▶ **TASK DESCRIPTION**: Pictures are to be left out, and only the lines from the one containing "Pre Emission Engine" through the last line of the data are to be returned exactly.

▶ **RECORD EXCERPTS**:
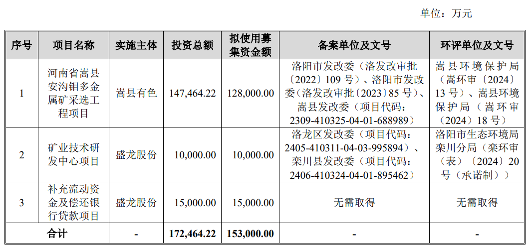 盛龙股份本次发行募集资金总额为168,130.00万元,扣除发行费用(不含增值税)后的实际募集资金净额为156,860.56万元,比原计划多3,860.56万元。盛龙股份2026年3月26日披露的招股书显示,公司拟募集资金153,000.00万元,用于河南省嵩县安沟钼多金属矿采选工程项目、矿业技术研发中心项目、补充流动资金及偿还银行贷款项目。
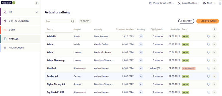 Hvordan få oversikt over fakturaer og betalinger i systemet? For å få oversikt over fakturaer og betalinger går du til Avtaler.Der finner du alle fakturaer og betalinger som er lagt inn i systemet.
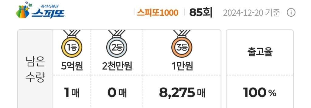 스피또1000 85회 1등 남은 수량 출고율 정보 및 당첨현황 정보입니다.
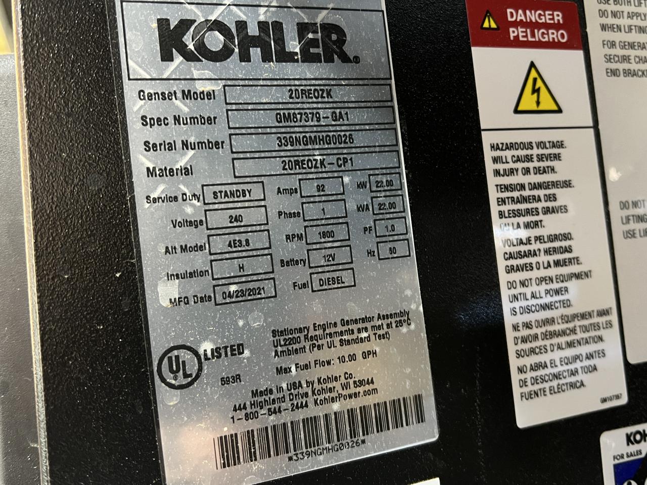 __22 kW Kohler Diesel Gen Set, Year – 2019, Unused Surplus, Sound Attenatued Enclosure and Base Fuel Tank, 0 Hours, US EPA Tier 3 Pre Emission Engine
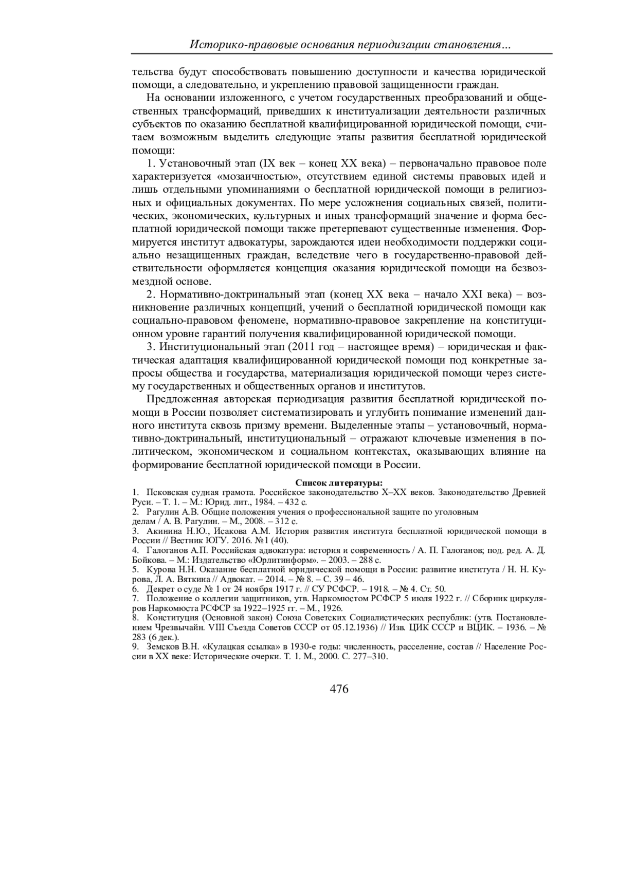 3. Акинина Н.Ю., Исакова А.М. История развития института бесплатной юридической помощи в России // Вестник ЮГУ. 2016. №1 (40).
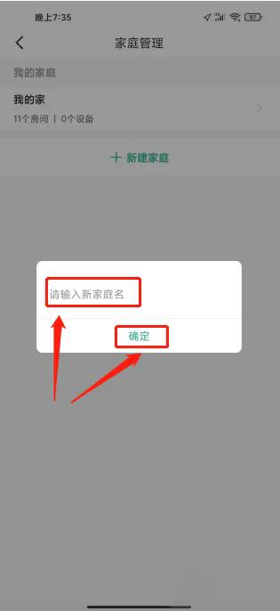 3、这时候会弹出一个小窗口,你在里面输入想给新家庭起的名字,然后点“确定”就完成了。
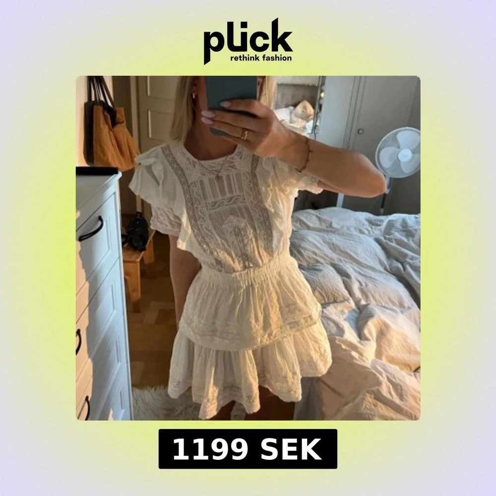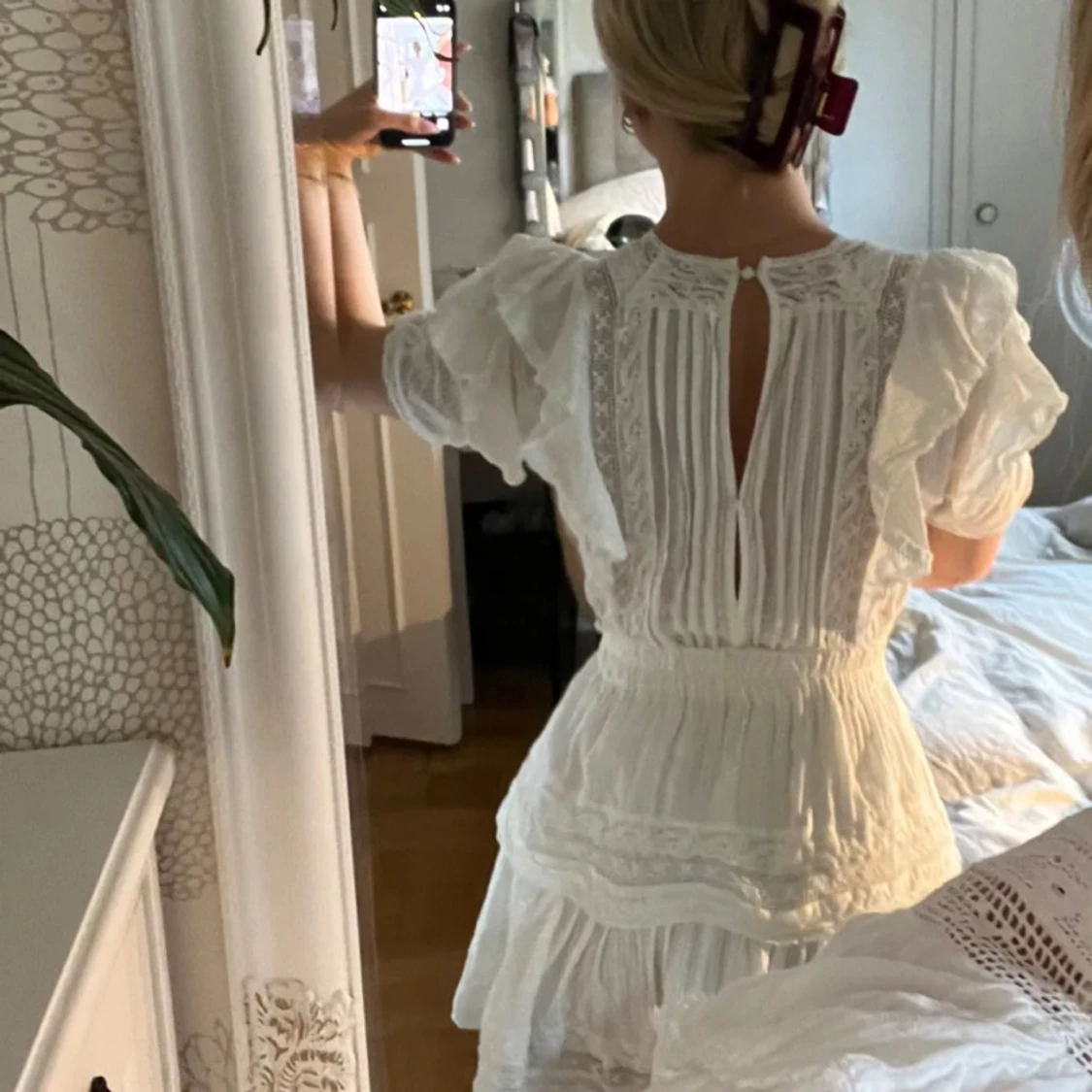 Superfin vit kort volang klänning! Står ingen storlek men jag skulle säga att den är i M!💗den är i väldigt bra skick, utan defekter vad jag kan se! Perfekt till studenten❤️
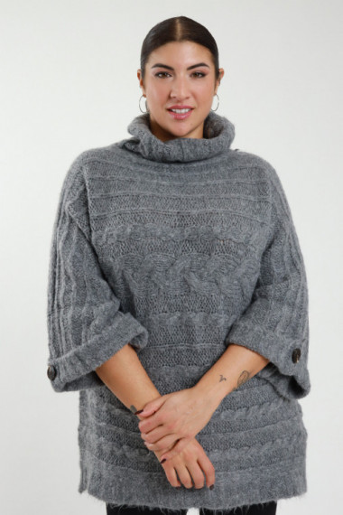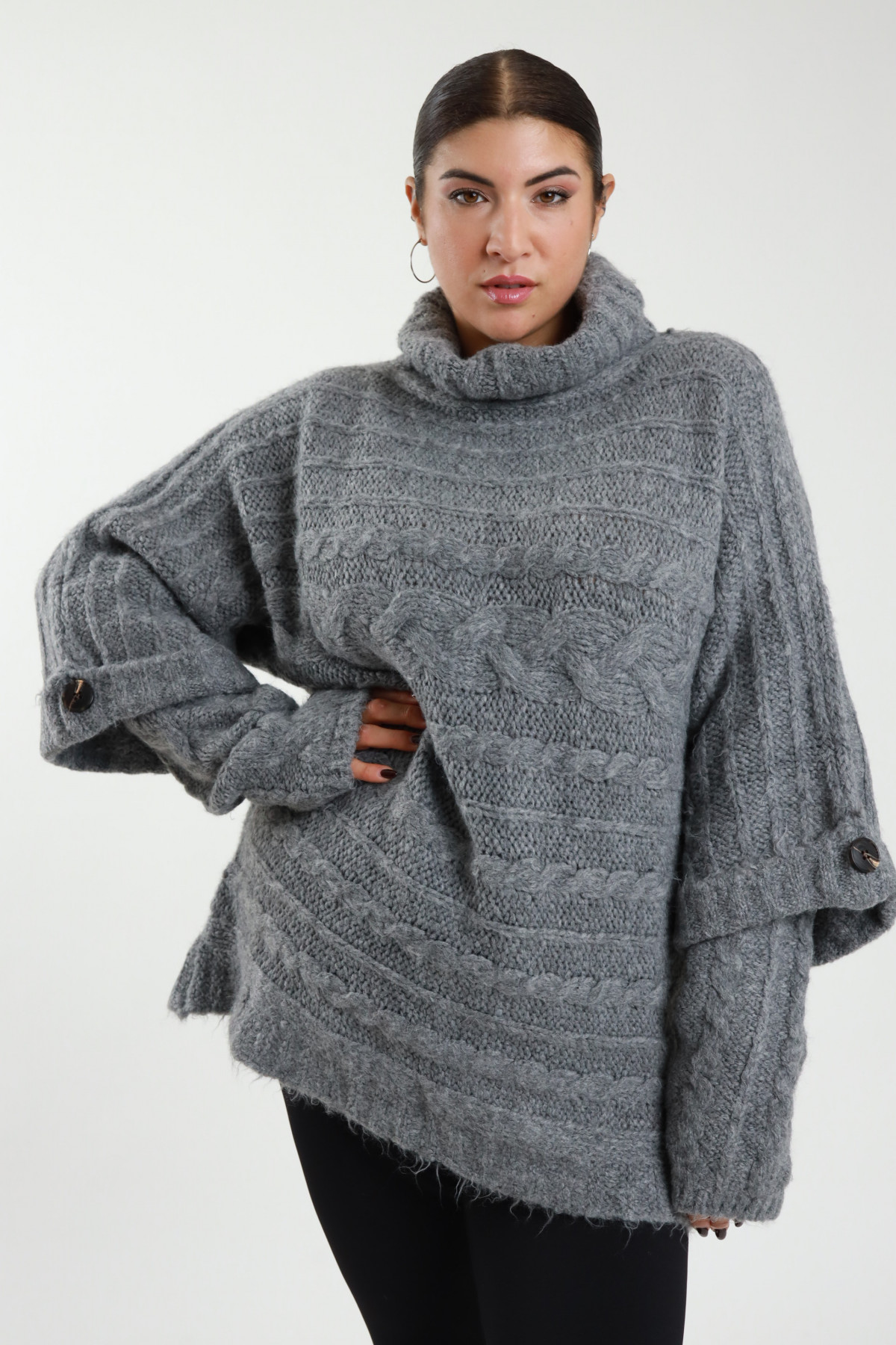 Maglione Trecce, Collo Alto, Maniche 3/4 Ampie con Manicotti - Linea Curvy Susy Star.
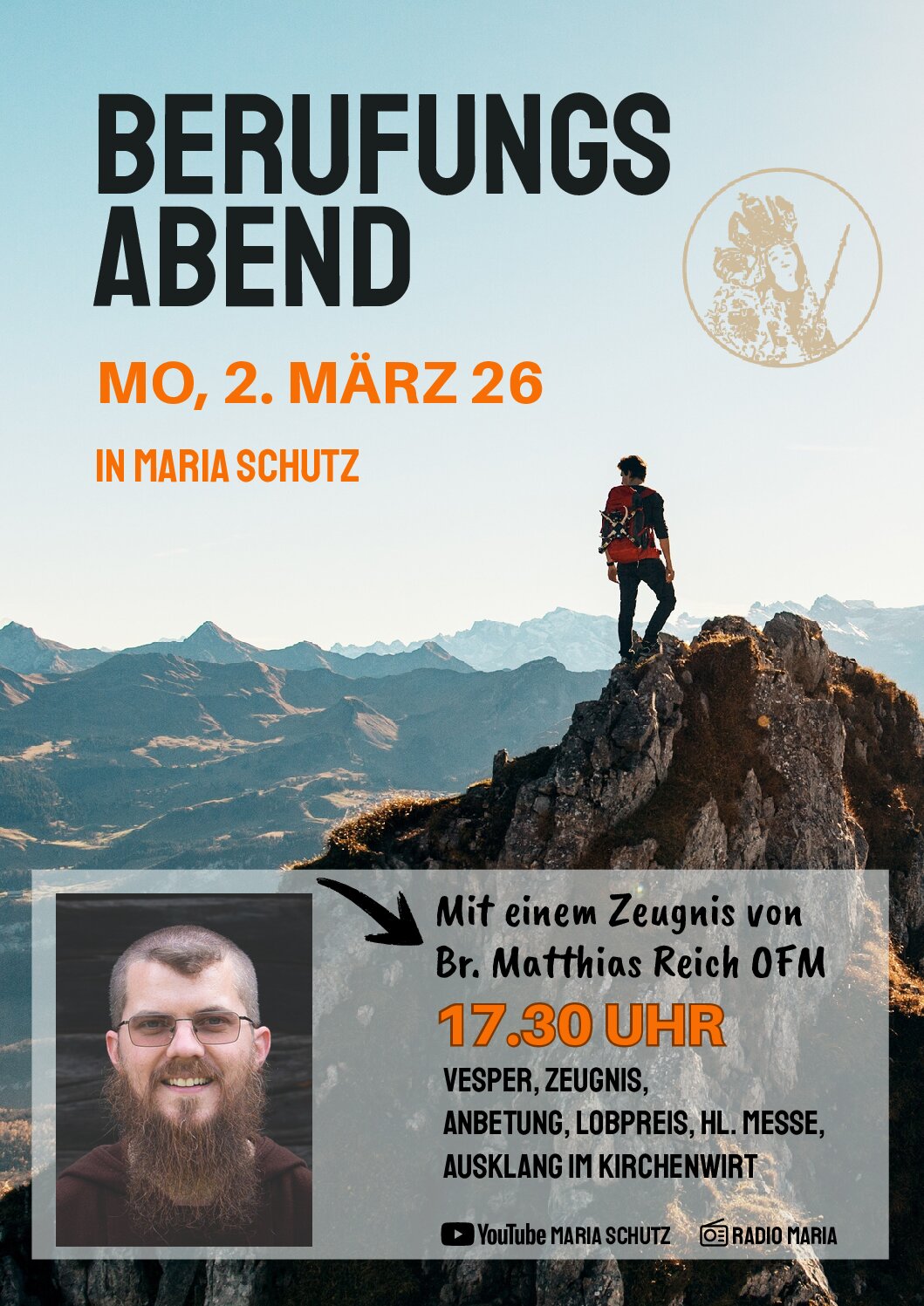 Veni Creator Spiritus und Berufungsgebet Ab 17:30 Uhr: Vesper, Zeugnis und Anbetung 19:00 Uhr: Hl. Messe
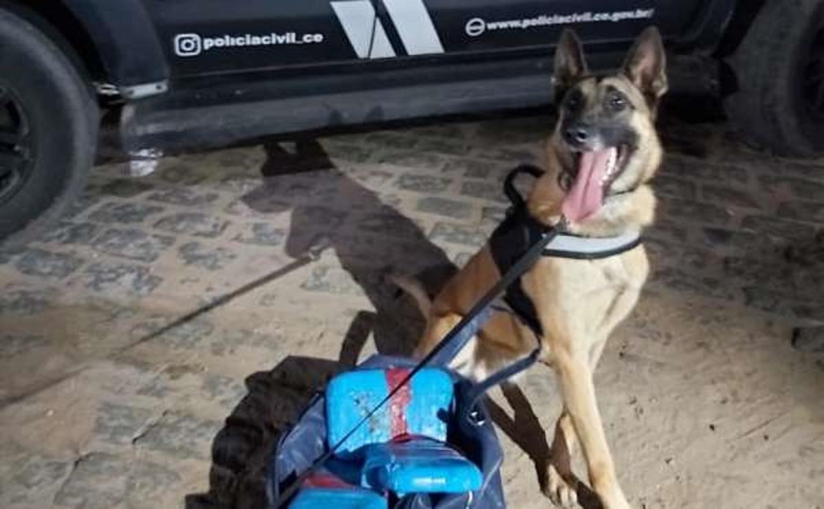 Cão farejador auxilia Polícia Civil a localizar tabletes de crack em bagagem de passageira no Crato

▶ **COMPLETED TASK**:
 __22 kW Kohler Diesel Gen Set, Year – 2019, Unused Surplus, Sound Attenatued Enclosure and Base Fuel Tank, 0 Hours, US EPA Tier 3 Pre Emission Engine
 3. Акинина Н.Ю., Исакова А.М. История развития института бесплатной юридической помощи в России // Вестник ЮГУ. 2016. №1 (40).
 3、这时候会弹出一个小窗口,你在里面输入想给新家庭起的名字,然后点“确定”就完成了。
 Superfin vit kort volang klänning! Står ingen storlek men jag skulle säga att den är i M!💗den är i väldigt bra skick, utan defekter vad jag kan se! Perfekt till studenten❤️
 Maglione Trecce, Collo Alto, Maniche 3/4 Ampie con Manicotti - Linea Curvy Susy Star.
 Veni Creator Spiritus und Berufungsgebet Ab 17:30 Uhr: Vesper, Zeugnis und Anbetung 19:00 Uhr: Hl. Messe
 Cão farejador auxilia Polícia Civil a localizar tabletes de crack em bagagem de passageira no Crato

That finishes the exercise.